- Stored data -

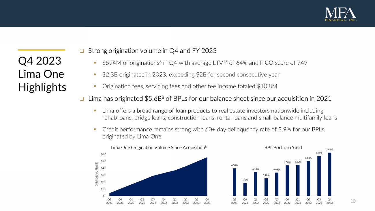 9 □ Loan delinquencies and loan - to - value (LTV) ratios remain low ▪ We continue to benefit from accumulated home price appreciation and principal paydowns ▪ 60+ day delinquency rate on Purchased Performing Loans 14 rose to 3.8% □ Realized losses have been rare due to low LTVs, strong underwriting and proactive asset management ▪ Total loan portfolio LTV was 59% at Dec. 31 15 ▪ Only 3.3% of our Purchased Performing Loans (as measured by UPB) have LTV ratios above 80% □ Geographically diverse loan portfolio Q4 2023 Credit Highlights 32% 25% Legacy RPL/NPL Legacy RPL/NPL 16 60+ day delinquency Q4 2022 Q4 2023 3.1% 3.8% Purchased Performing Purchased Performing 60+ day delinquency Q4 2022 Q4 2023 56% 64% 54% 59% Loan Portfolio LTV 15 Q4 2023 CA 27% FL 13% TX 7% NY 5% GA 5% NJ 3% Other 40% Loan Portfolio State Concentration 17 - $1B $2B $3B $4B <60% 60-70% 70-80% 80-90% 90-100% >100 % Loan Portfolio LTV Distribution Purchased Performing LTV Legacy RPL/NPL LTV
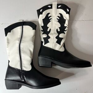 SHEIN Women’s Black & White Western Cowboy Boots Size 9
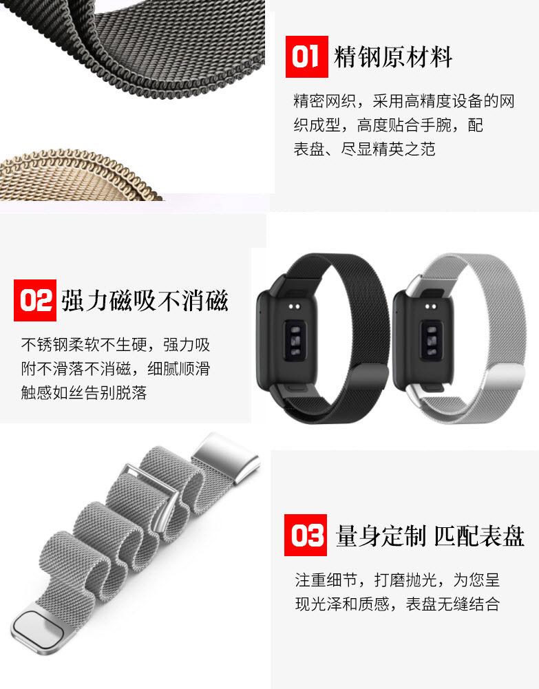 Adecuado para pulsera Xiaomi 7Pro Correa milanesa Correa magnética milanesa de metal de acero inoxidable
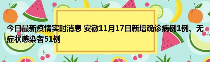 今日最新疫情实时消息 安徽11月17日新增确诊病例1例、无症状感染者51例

- About this exercise -
This task calls for the lines from the line holding "SHEIN Women’s Black" through the last line above, restated word for word with both ends included and the pictures dropped.

- Solution -
 SHEIN Women’s Black & White Western Cowboy Boots Size 9
 Adecuado para pulsera Xiaomi 7Pro Correa milanesa Correa magnética milanesa de metal de acero inoxidable
 今日最新疫情实时消息 安徽11月17日新增确诊病例1例、无症状感染者51例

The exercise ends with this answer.